__Work item__
Return, with both end lines included, exactly what the data below holds from the line with "まず「緑の家」が普段使う防火" through the line with "冷烟火、气球等物品,因为会影响地铁安全都不能被带入地铁。", though not the pictures.

** Opening Provided information block **

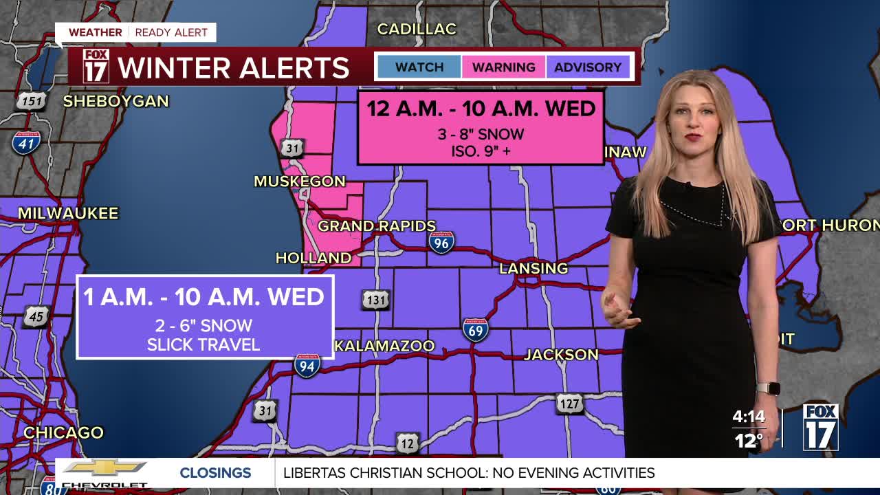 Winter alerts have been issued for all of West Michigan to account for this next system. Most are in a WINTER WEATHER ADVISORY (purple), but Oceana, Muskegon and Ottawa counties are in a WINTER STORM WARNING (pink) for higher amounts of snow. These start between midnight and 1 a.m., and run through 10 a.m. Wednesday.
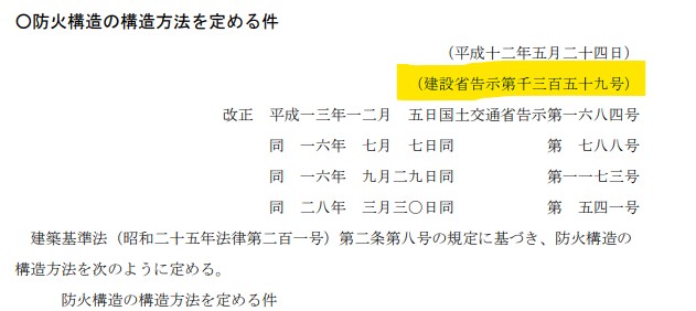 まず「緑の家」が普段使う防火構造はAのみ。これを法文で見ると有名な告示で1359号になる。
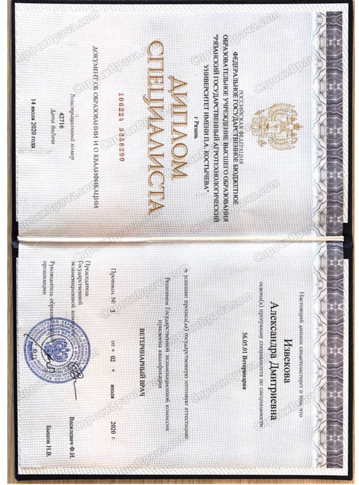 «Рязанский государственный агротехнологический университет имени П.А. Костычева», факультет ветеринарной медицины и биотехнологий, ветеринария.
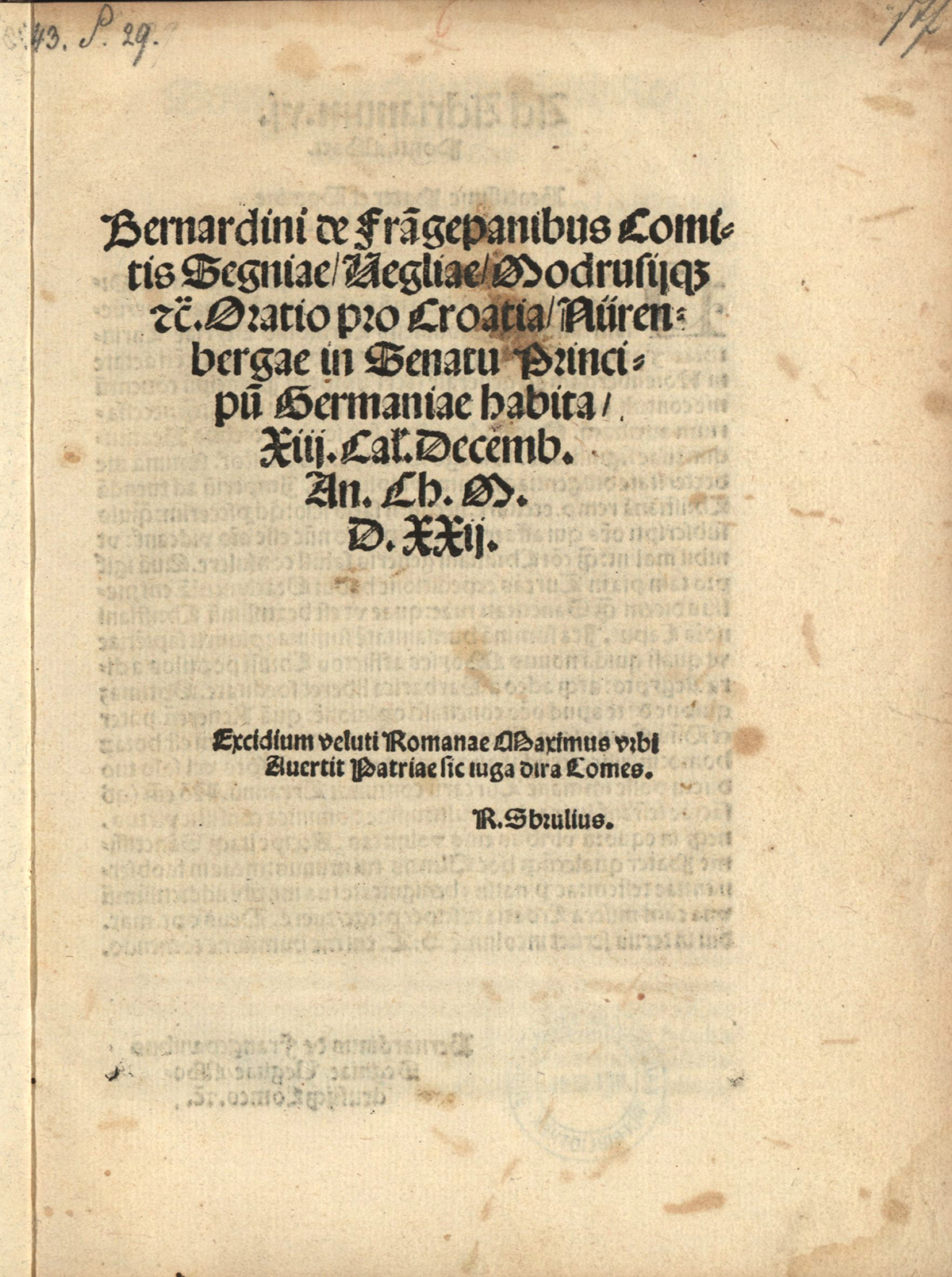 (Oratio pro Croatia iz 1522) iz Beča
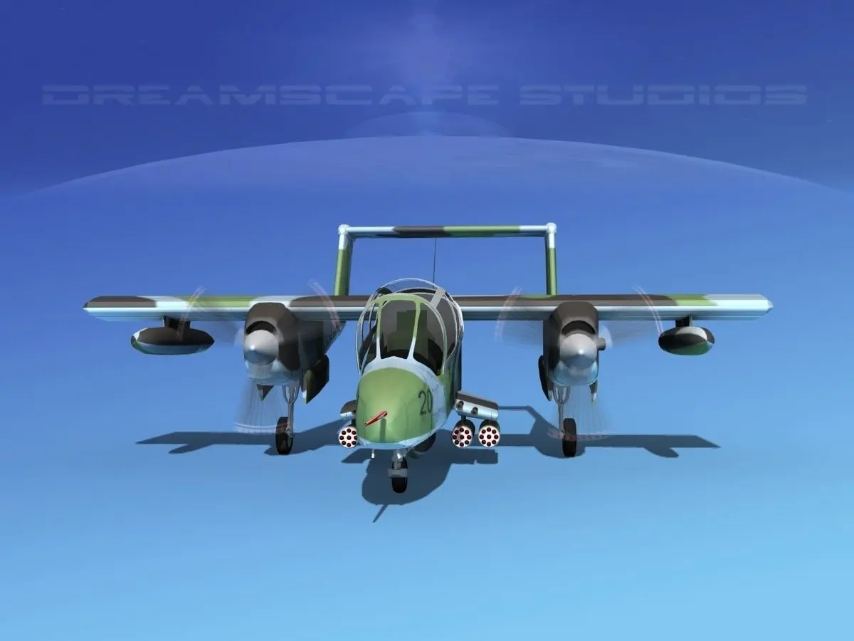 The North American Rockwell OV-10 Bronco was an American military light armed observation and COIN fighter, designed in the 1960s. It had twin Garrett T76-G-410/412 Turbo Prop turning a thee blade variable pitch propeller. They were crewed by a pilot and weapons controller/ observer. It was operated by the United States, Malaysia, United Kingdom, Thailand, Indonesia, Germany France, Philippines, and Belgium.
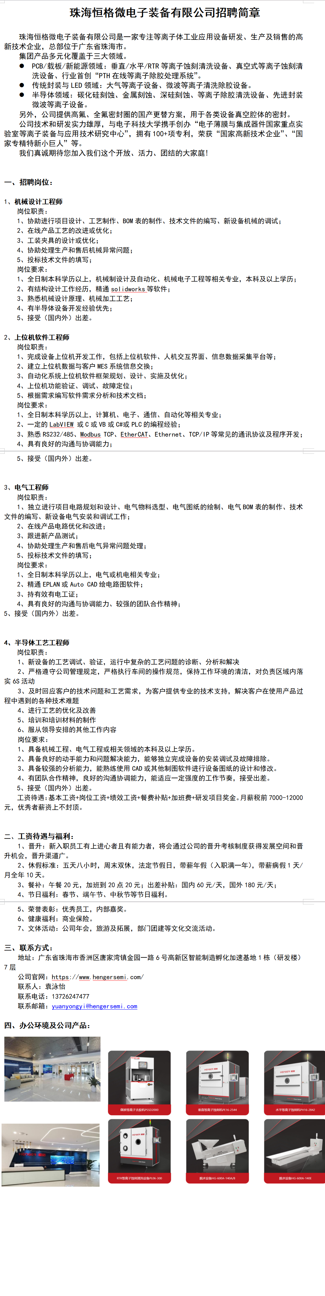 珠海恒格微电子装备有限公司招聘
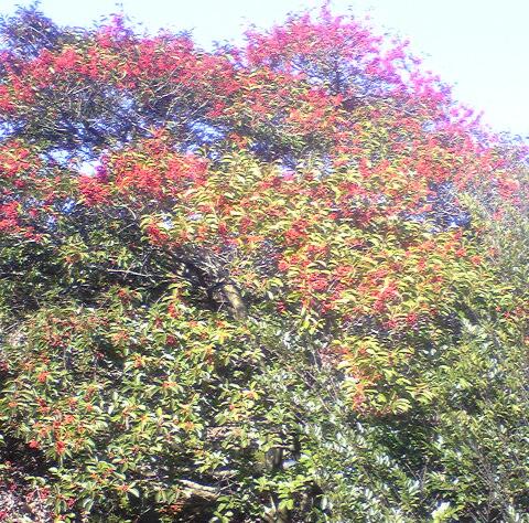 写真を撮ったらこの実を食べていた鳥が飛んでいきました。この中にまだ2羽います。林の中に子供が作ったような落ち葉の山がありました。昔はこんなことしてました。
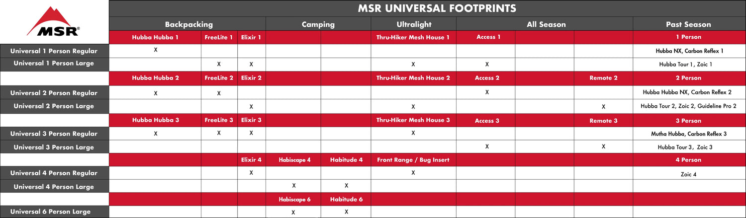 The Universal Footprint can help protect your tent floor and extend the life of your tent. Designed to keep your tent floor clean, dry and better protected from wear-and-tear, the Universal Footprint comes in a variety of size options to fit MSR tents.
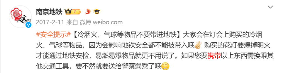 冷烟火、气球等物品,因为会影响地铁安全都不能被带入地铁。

** Closing Provided information block **
** Opening Provided information block **

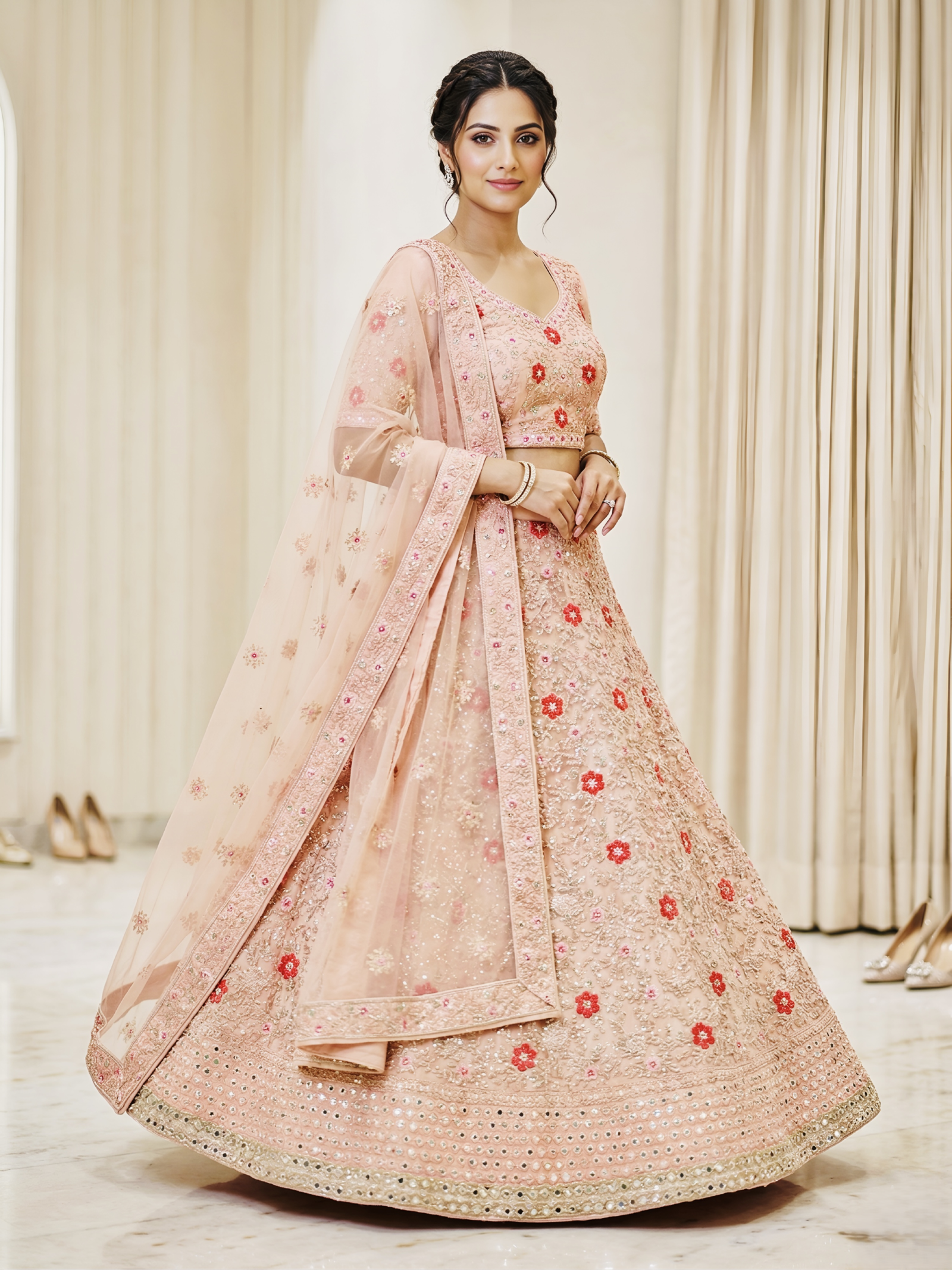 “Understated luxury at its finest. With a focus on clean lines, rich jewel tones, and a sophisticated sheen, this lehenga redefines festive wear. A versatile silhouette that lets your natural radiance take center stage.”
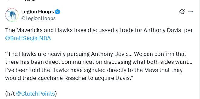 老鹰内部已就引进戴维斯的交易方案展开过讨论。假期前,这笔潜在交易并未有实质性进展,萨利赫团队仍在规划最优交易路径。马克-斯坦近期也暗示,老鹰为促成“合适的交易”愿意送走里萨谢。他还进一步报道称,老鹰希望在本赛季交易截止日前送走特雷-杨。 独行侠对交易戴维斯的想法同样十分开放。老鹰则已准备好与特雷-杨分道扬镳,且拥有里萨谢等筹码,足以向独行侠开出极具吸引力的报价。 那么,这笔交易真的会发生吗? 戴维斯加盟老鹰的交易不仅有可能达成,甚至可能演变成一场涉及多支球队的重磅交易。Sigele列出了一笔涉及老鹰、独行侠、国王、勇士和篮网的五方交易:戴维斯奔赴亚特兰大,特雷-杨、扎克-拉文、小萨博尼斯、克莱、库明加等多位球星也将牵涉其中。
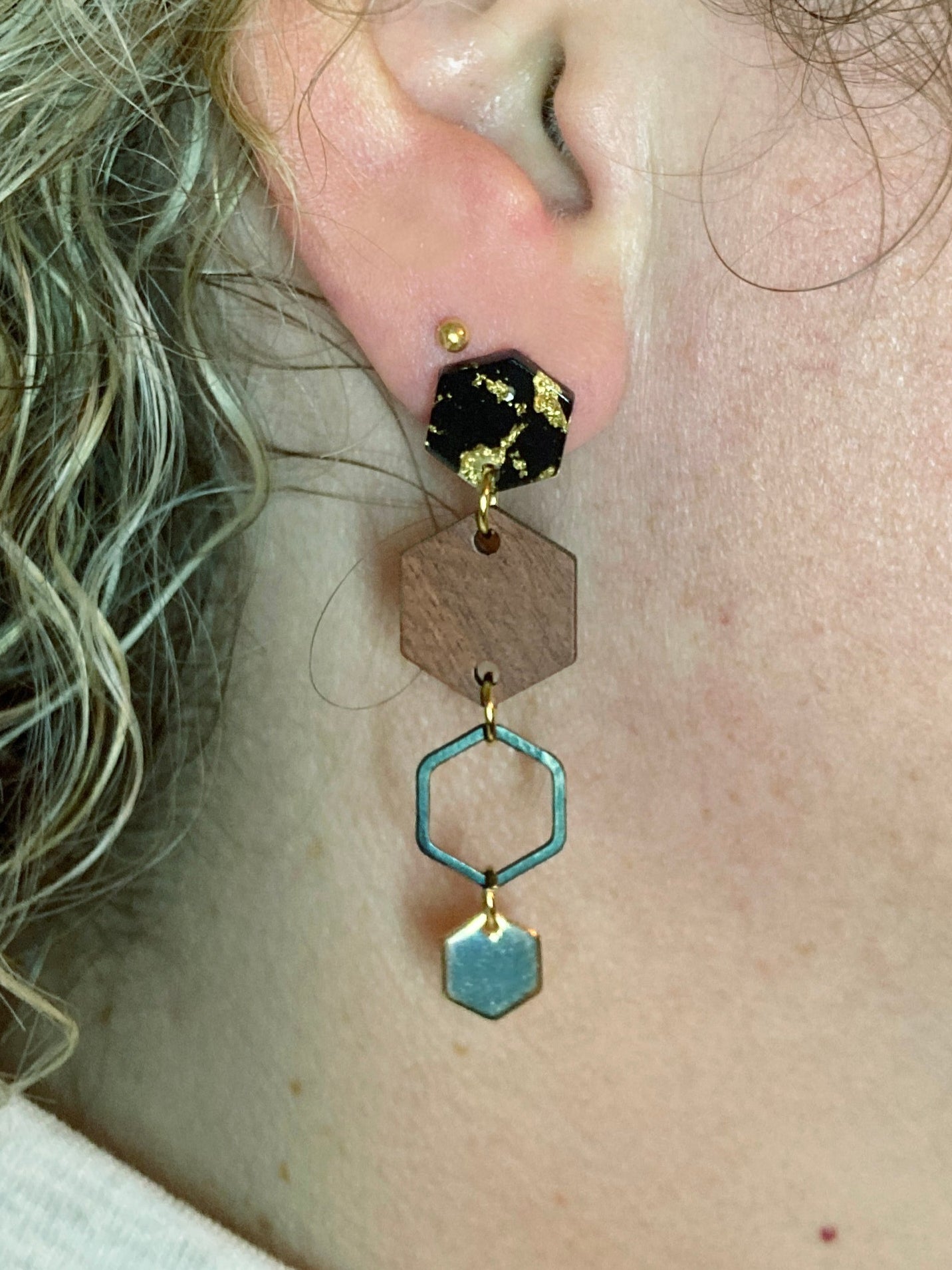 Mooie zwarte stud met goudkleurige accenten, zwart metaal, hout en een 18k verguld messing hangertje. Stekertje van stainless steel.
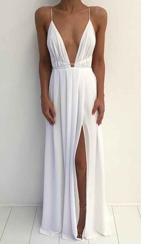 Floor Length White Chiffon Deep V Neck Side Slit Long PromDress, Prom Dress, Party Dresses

** Closing Provided information block **
** Opening Provided information block **

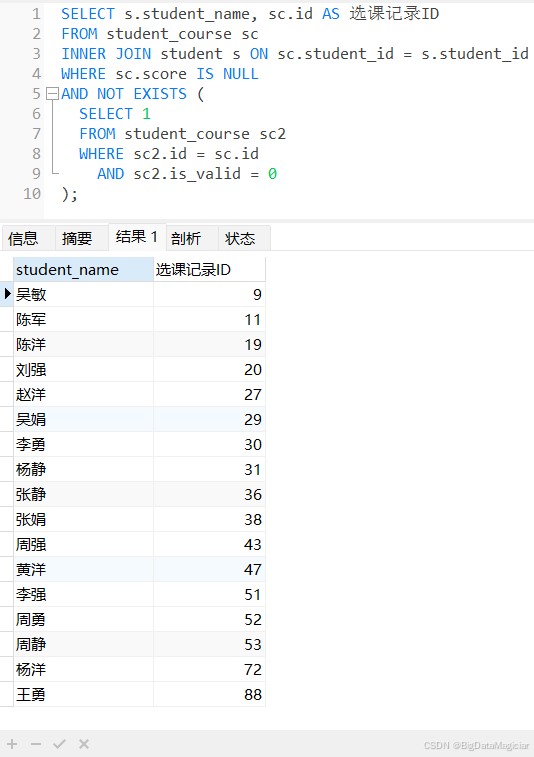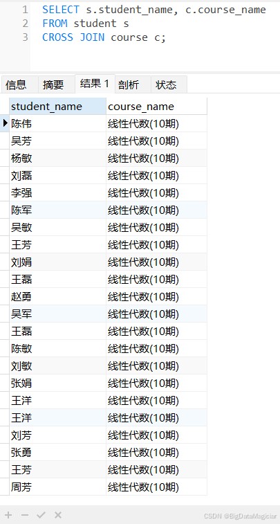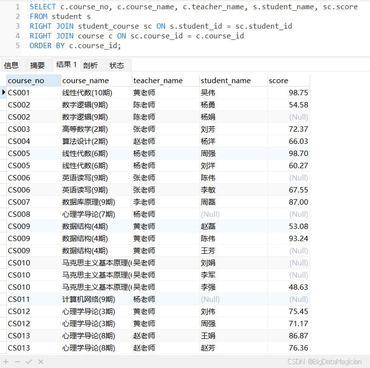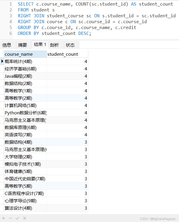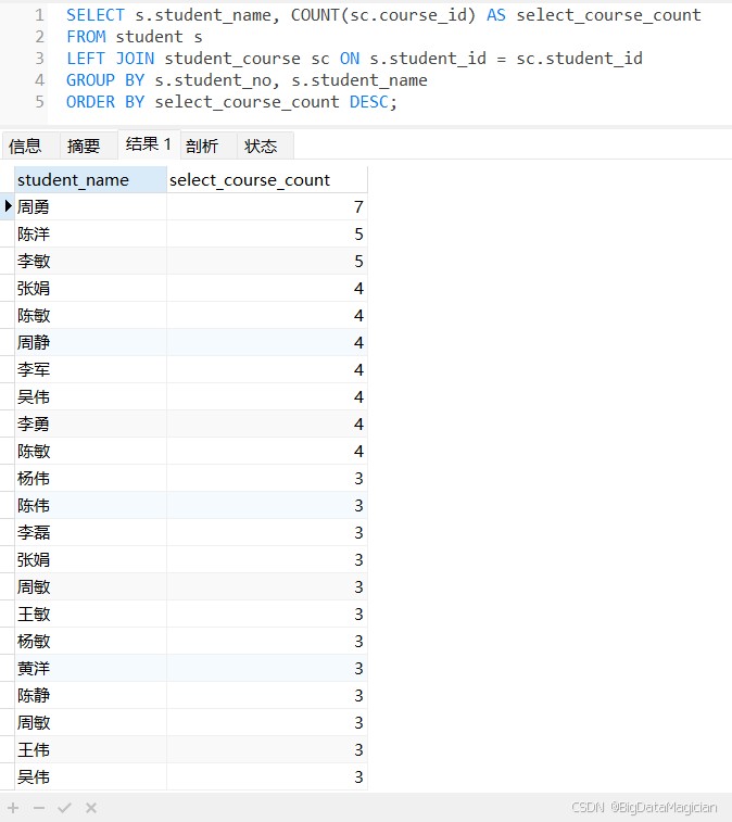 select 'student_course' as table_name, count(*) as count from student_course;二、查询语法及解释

** Closing Provided information block **

__Response area__
 まず「緑の家」が普段使う防火構造はAのみ。これを法文で見ると有名な告示で1359号になる。
 «Рязанский государственный агротехнологический университет имени П.А. Костычева», факультет ветеринарной медицины и биотехнологий, ветеринария.
 (Oratio pro Croatia iz 1522) iz Beča
 The North American Rockwell OV-10 Bronco was an American military light armed observation and COIN fighter, designed in the 1960s. It had twin Garrett T76-G-410/412 Turbo Prop turning a thee blade variable pitch propeller. They were crewed by a pilot and weapons controller/ observer. It was operated by the United States, Malaysia, United Kingdom, Thailand, Indonesia, Germany France, Philippines, and Belgium.
 珠海恒格微电子装备有限公司招聘
 写真を撮ったらこの実を食べていた鳥が飛んでいきました。この中にまだ2羽います。林の中に子供が作ったような落ち葉の山がありました。昔はこんなことしてました。
 The Universal Footprint can help protect your tent floor and extend the life of your tent. Designed to keep your tent floor clean, dry and better protected from wear-and-tear, the Universal Footprint comes in a variety of size options to fit MSR tents.
 冷烟火、气球等物品,因为会影响地铁安全都不能被带入地铁。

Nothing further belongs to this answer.